▸ Exercise:
Begin at the line below that holds "Frost the top" and end at the line that holds "De este modo, ‘Fuerte", transcribing each line exactly and skipping any picture.

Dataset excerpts
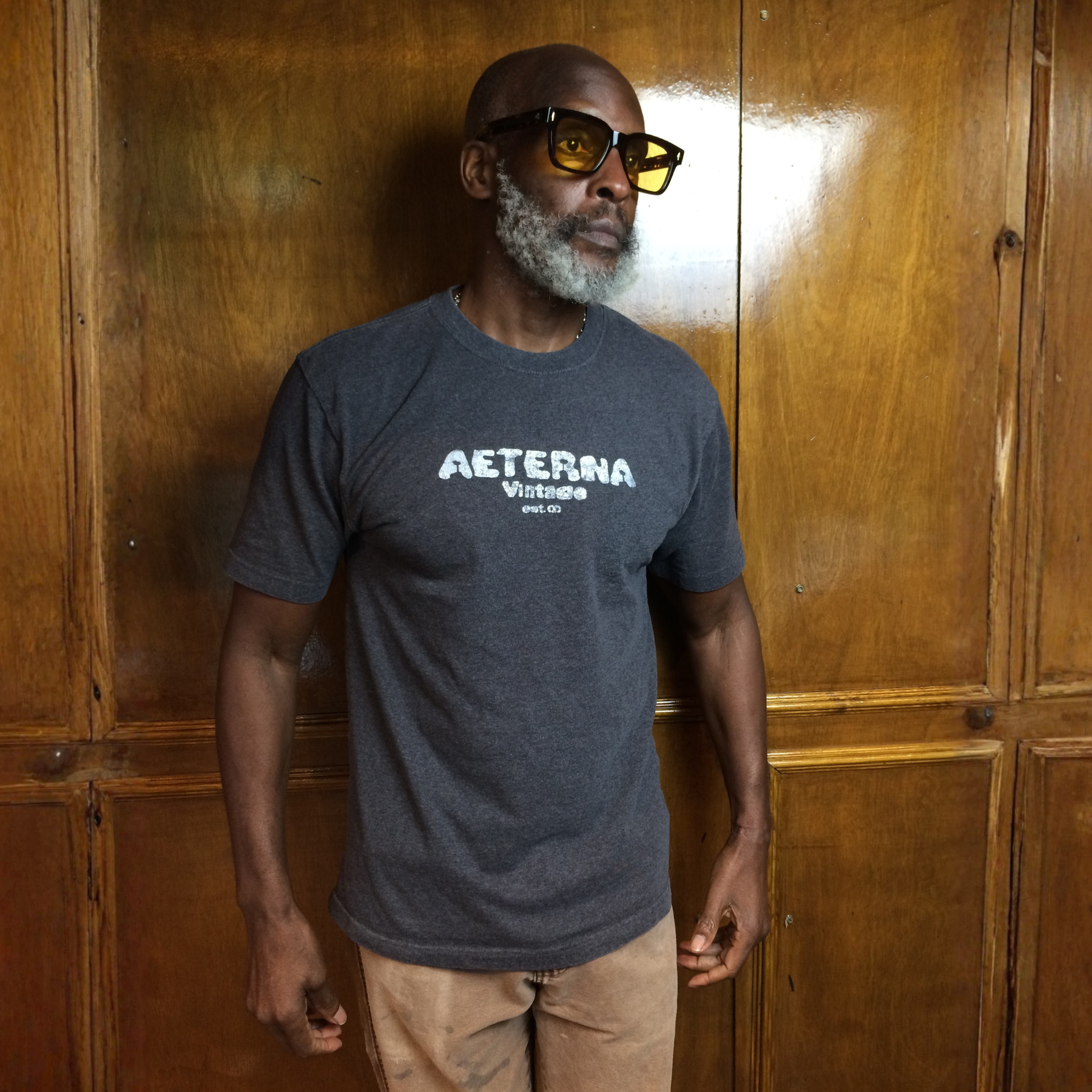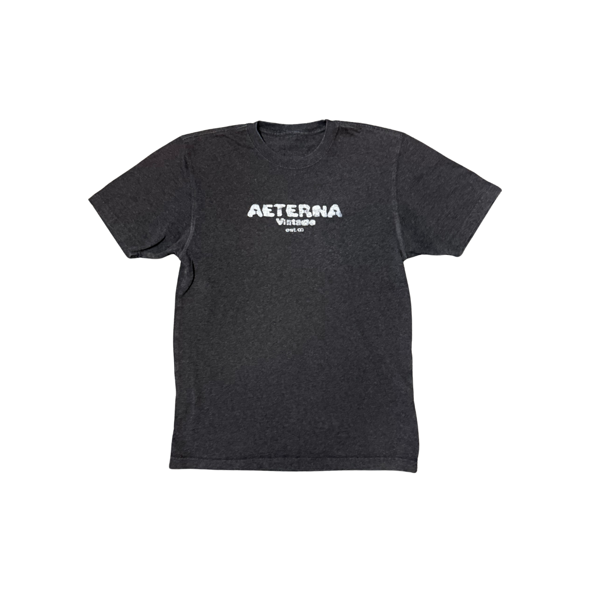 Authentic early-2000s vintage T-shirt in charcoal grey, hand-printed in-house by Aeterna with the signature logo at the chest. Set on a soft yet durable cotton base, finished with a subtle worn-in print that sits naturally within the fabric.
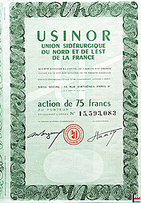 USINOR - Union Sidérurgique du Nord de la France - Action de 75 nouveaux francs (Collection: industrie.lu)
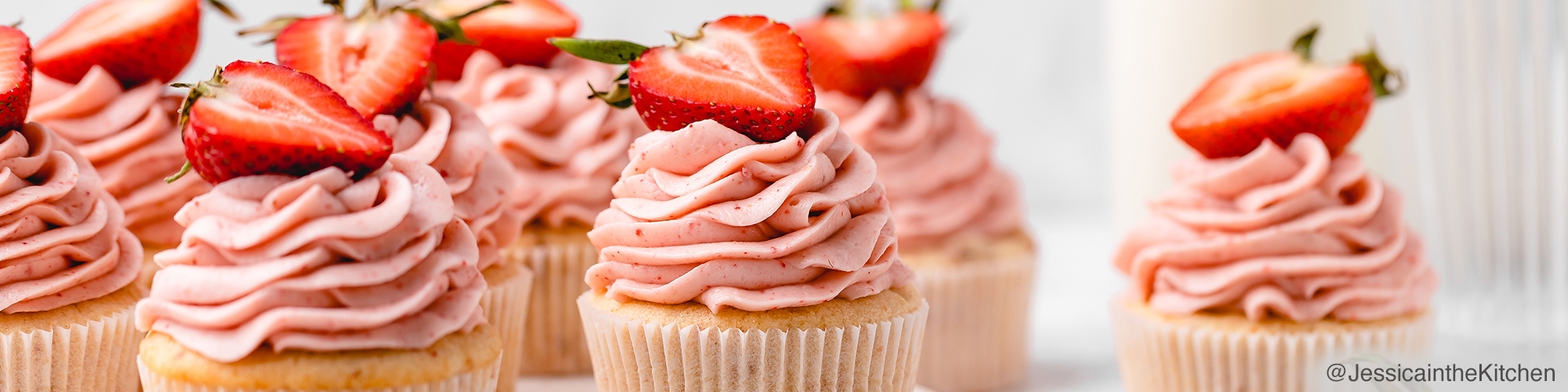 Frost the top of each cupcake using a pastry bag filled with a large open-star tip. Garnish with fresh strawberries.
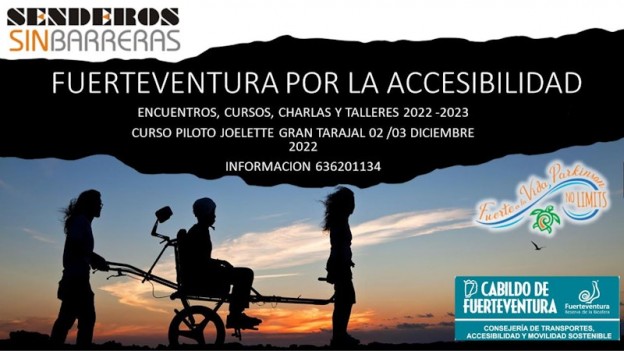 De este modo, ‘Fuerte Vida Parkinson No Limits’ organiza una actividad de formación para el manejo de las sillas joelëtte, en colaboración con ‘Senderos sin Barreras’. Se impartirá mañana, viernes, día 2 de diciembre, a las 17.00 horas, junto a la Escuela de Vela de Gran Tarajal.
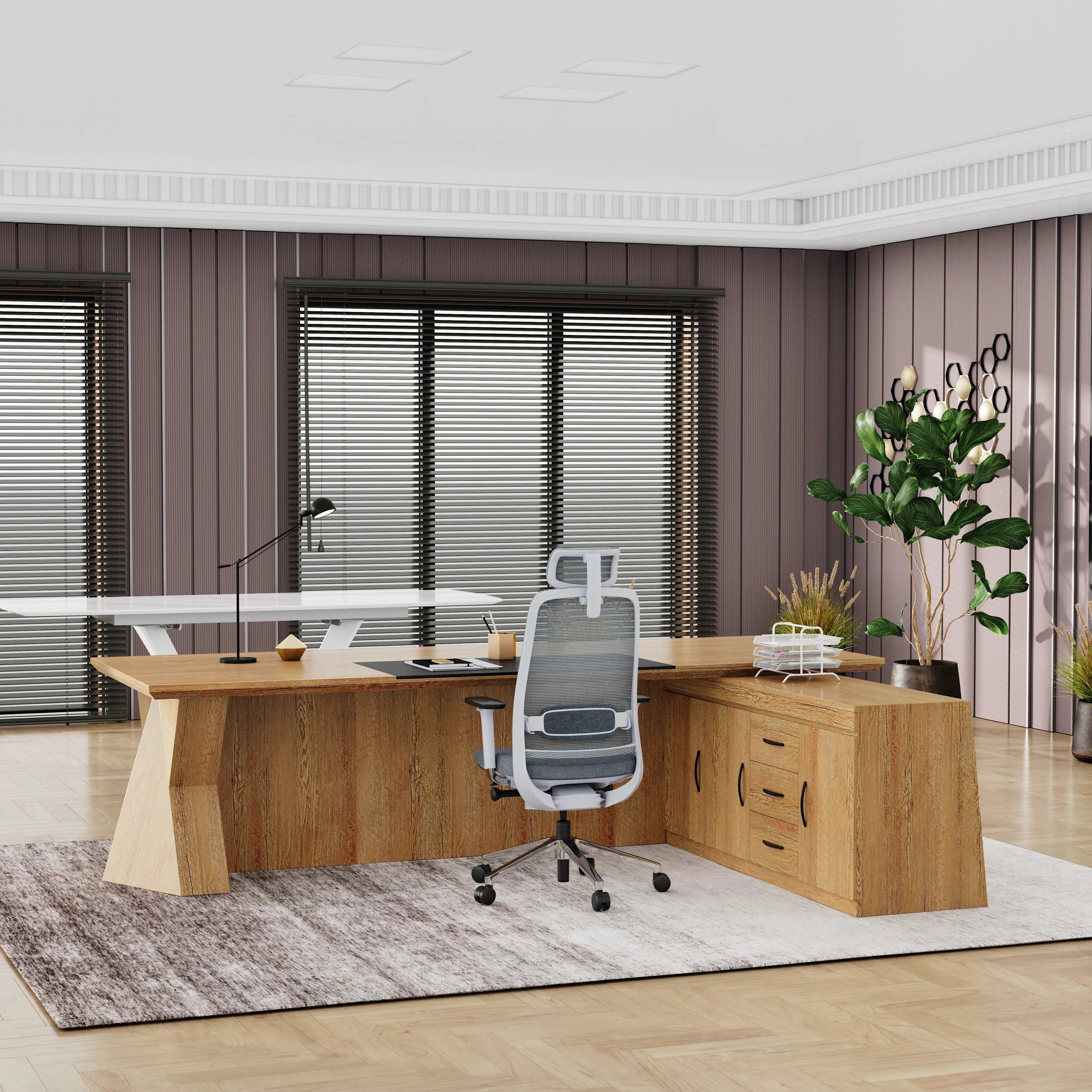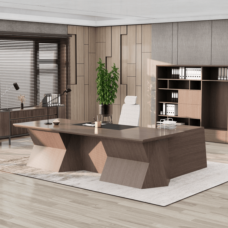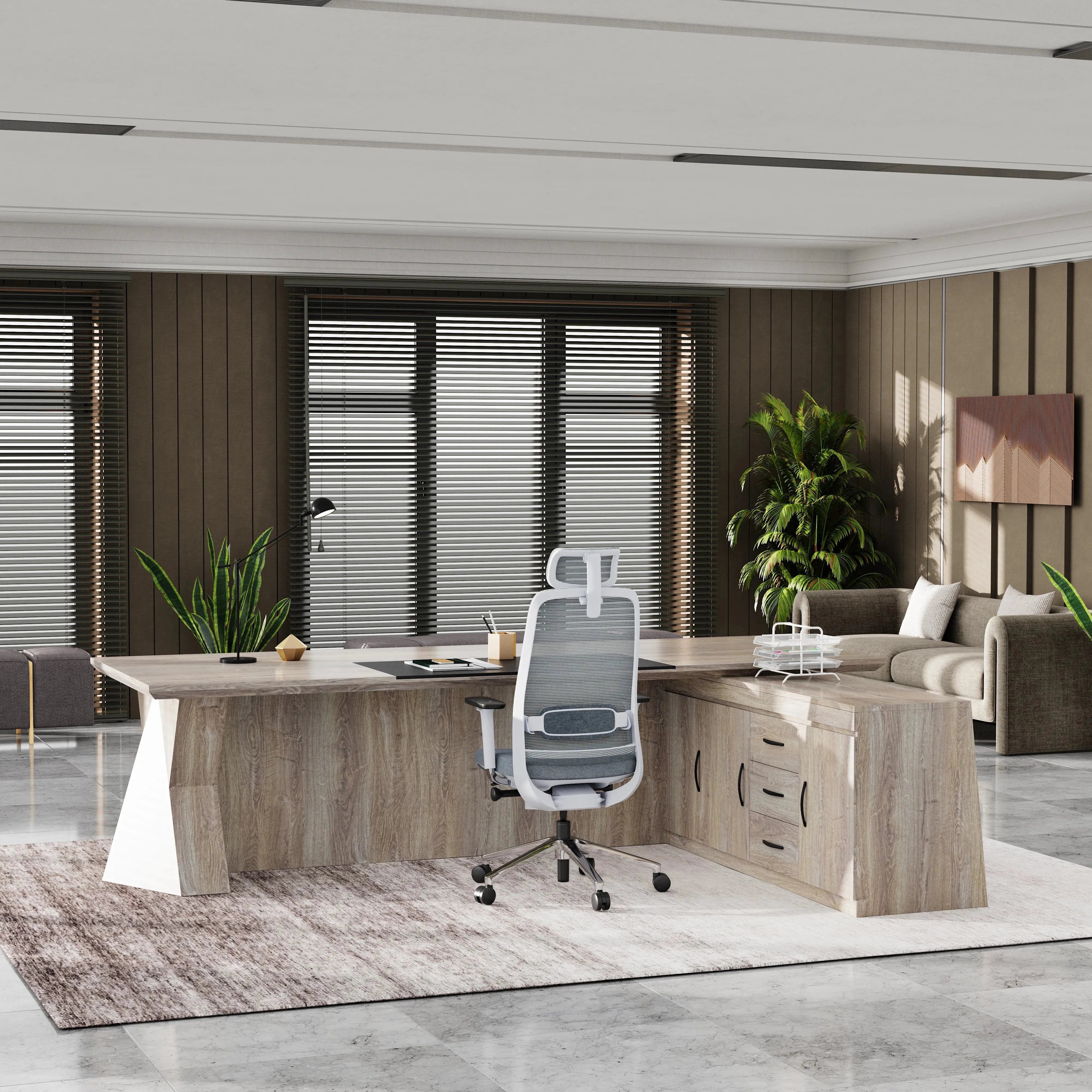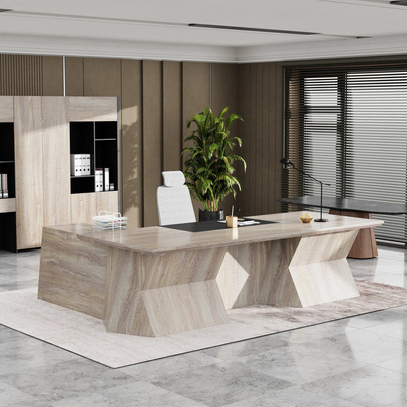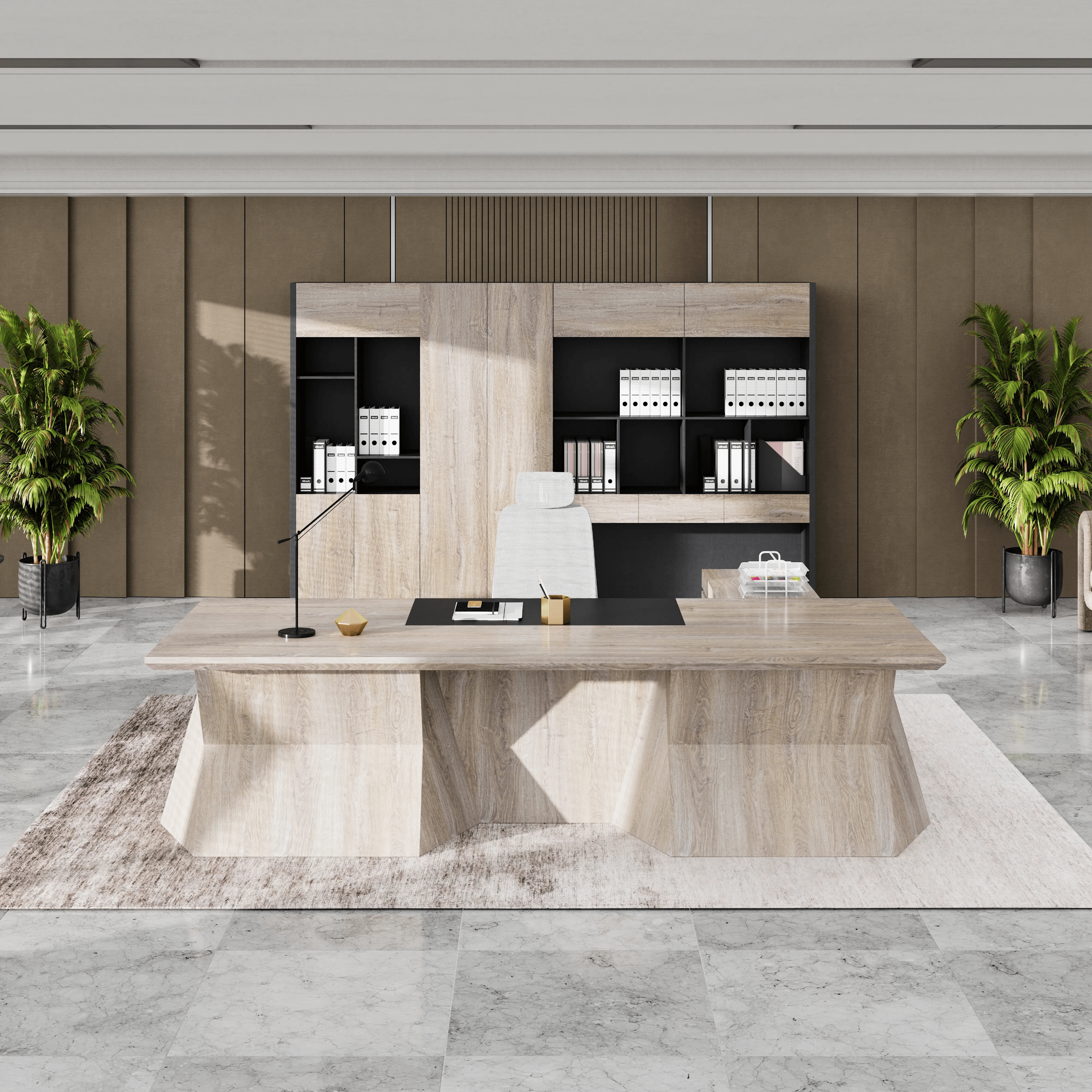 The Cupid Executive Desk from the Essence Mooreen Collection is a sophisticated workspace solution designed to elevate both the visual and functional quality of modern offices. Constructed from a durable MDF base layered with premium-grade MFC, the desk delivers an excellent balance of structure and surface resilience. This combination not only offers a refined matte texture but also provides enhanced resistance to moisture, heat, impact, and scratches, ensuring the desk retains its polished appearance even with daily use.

▸ Answer box:
 Frost the top of each cupcake using a pastry bag filled with a large open-star tip. Garnish with fresh strawberries.
 De este modo, ‘Fuerte Vida Parkinson No Limits’ organiza una actividad de formación para el manejo de las sillas joelëtte, en colaboración con ‘Senderos sin Barreras’. Se impartirá mañana, viernes, día 2 de diciembre, a las 17.00 horas, junto a la Escuela de Vela de Gran Tarajal.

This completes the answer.